James Mark McBath

No. 17
- Position: Quarterback

Personal information
- Born: November 18, 1957 (age 67) Fort Smith, Arkansas, U.S.
- Height: 5 ft 11 in (1.80 m)
- Weight: 188 lb (85 kg)

Career information
- High school: Richard King High School

Awards and highlights
- Championships 1977 Southwest Conference Championship; Bowls 1978 Sun Bowl;

= Mark McBath =

American football player (born 1957)

James Mark McBath (born November 18, 1957) is an American former football player who started as quarterback for the Texas Longhorns in the late 1970s. He was the starting quarterback in Darrell Royal's last game.

==Early life==
Mark McBath was a highly recruited high school quarterback who played at Richard King High School in Corpus Christi. He was All City once and All District and All South Texas two years in a row. He also made the All District team as a center fielder for the baseball team.

==College career==
McBath's career at Texas was marked by an early rise, an unfortunate injury, a spectacular finish and a surprising early departure.

McBath arrived at the University of Texas in 1976 as the back-up to Randy McEachern, Ted Constanzo and Mike Cordaro and was competing with fellow freshman Jon Aune for the fourth-string role. But an injury to McEachern in August, and inconsistent play by Constanzo and Cordaro, led Darrell Royal to put McBath in as starter as a true freshman. He started four games that season, going 2–2, including a loss to number 11 Texas A&M and a victory over Arkansas after Coach Royal announced that it would be his last game as Texas' head coach.

McBath started the 1977 season as the starting quarterback and led Texas to three consecutive wins and the number 4 ranking, while sharing playing time with Jon Aune. But his season was sidelined when he broke his ankle on the seventh play of the Oklahoma game. He was diagnosed with a loose ankle ligament and placed in a cast for over two months. He was out for the rest of the season while Texas went undefeated and played in the Cotton Bowl for the national championship.

The following spring, McBath was unable to go full speed in drills because of his recovering ankle. As a result, McEachern was named the starter one week prior to the season opener, with McBath relegated to the third string. McEachern and Donnie Little took most of the snaps that season, with McBath getting mop-up duty against Rice and TCU, until Texas was upset by unranked Baylor late in the season. In that game, McBath got a larger portion of the playing time and threw three interceptions. For reasons that Akers never stated, McBath was given the start the next week, in the final regular-season game against Texas A&M. He led number 14 Texas to a 22–7 victory and was named the Chevrolet Offensive Player of the Game. He was given the start again in the Sun Bowl game against Maryland and they won in a 42–0 rush-dominated blowout.

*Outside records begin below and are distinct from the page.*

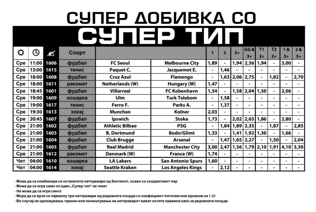 Фудбалот има доминација и оваа среда, меѓутоа Супер типот е максимално разновиден. Присутни се и кошарка, тенис, ракомет и хокеј, се разбира, со зголемени коефициенти.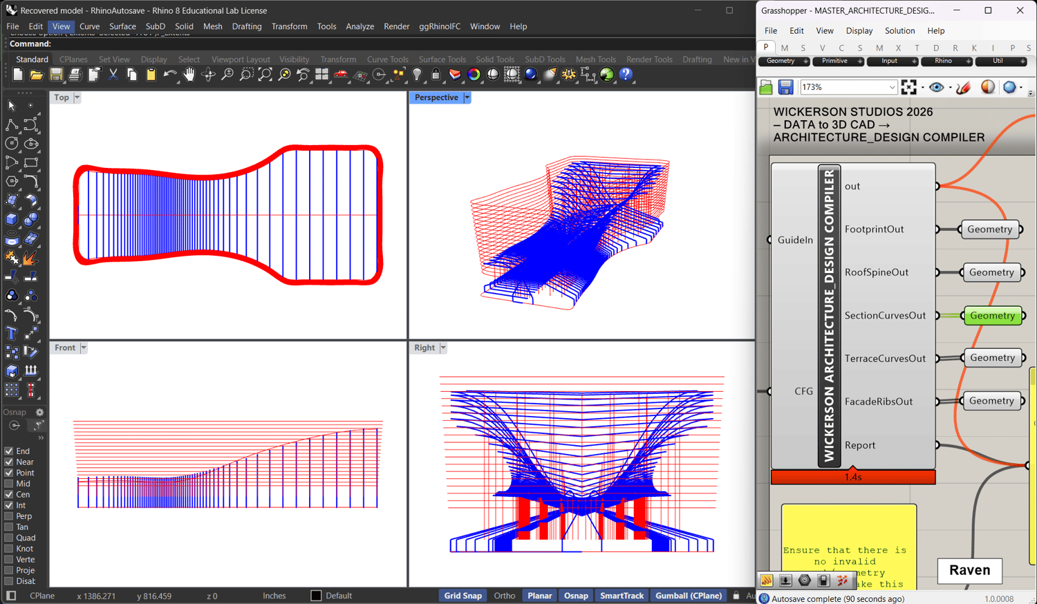 ArchCompiler generates a complete architectural curve framework ready for downstream modeling, rationalization, and construction workflows: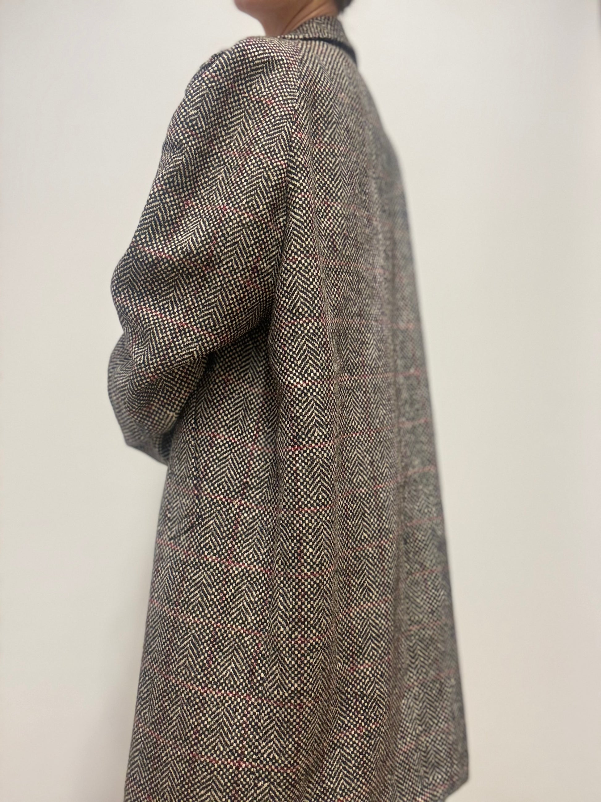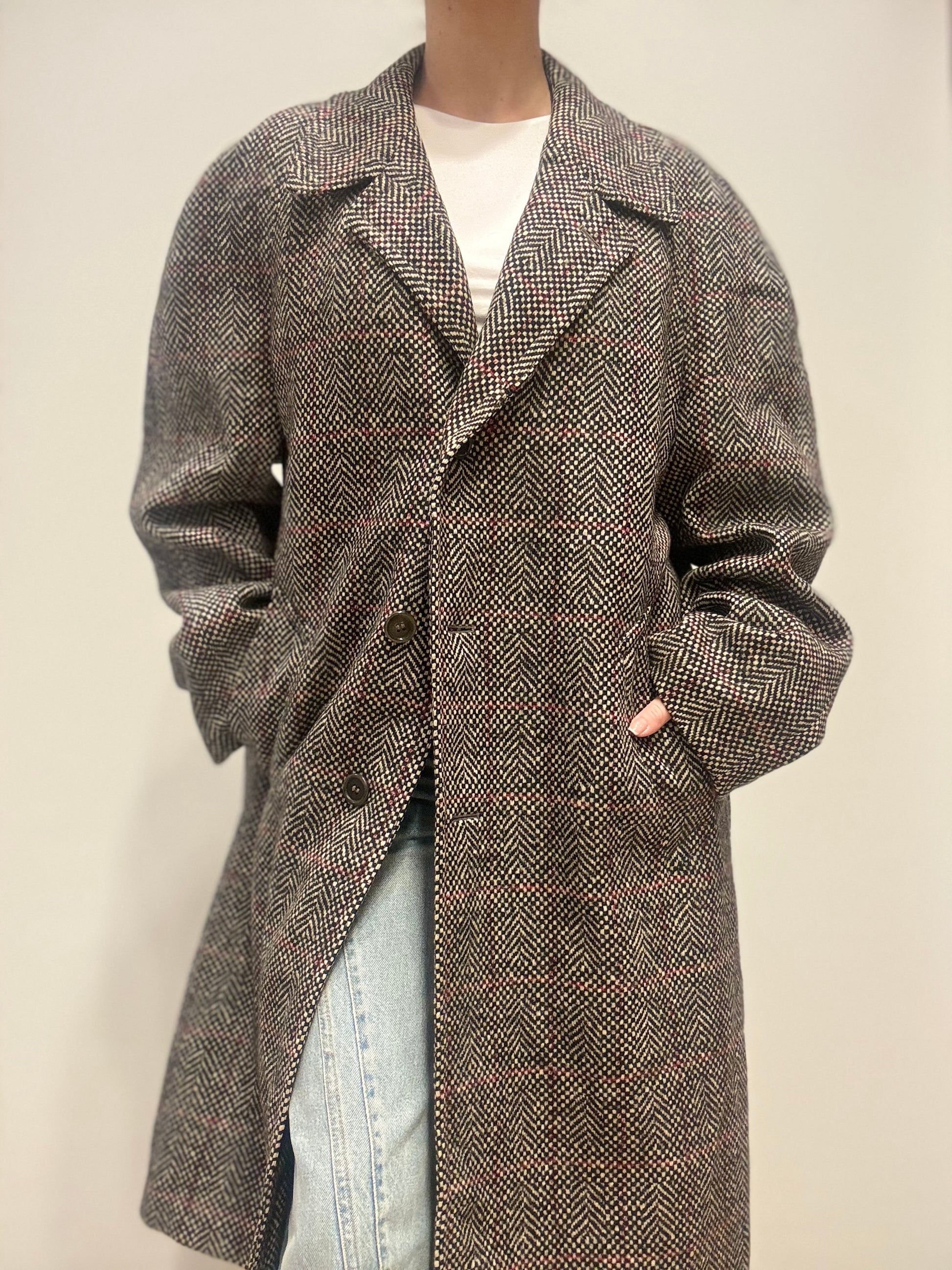 Deze prachtige vintage jas heeft een klassiek visgraatpatroon met subtiele rode ruitlijnen die het geheel een tijdloze, Engelse country-look geven. De zware wollen kwaliteit zorgt voor warmte en structuur, terwijl de rechte fit het model een nonchalante maar stijlvolle uitstraling geeft.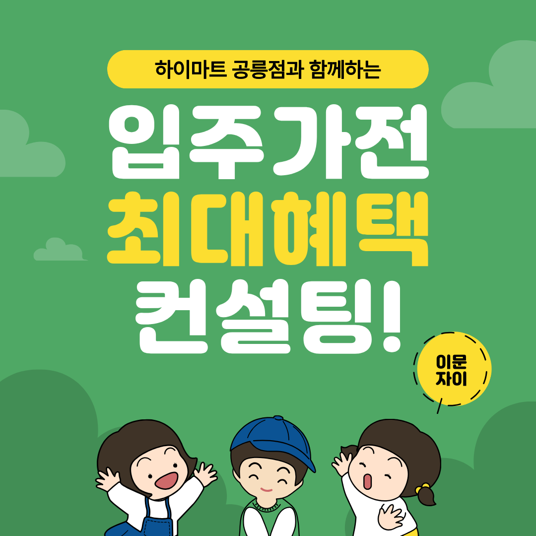 **이문자이 입주민 여러분, 주목하세요!** 하이마트 공릉점이 여러분의 고민을 해결해 드립니다. 복잡한 정보 탐색은 이제 그만, 하이마트 공릉점에서 쉽고 빠르게, 그리고 가장 합리적인 가격으로 입주 가전을 장만하세요.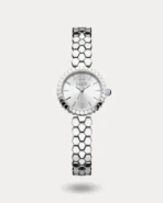 - ساعة نسائية بسير من الستانلس ستيل باللون الفضي.

Even though he was projected to be the starter the next season, and had said that late in the season that he was definitely coming back in 1979, McBath quit football a month after quarterbacking the Longhorns in their Sun Bowl win. He left with a year of eligibility remaining so that he could focus on getting his grades up to medical school standards. He figured he had no chance in the NFL, and saw football getting in the way of his dream of going to medical school. He finished his career with 9 victories and 2 losses as a starter.

==Later life==
McBath graduated from Texas with a degree in biology and went to medical school in Houston, Texas. He spent five years as a surgical resident at Hermann Hospital and then held a teaching fellowship in surgical oncology at M.D. Anderson Cancer Center and Tumor Institute. He later left to enter his own practice in Houston.

Dr. McBath is a board certified general surgeon and fellowship-trained surgical oncologist. In his practice, he performs a wide range of surgical procedures, including cancer operations, with vast experience in treating breast cancer. He was published in the 2005 edition of Texas Super Doctors, a publication that selects doctors according to outstanding achievements.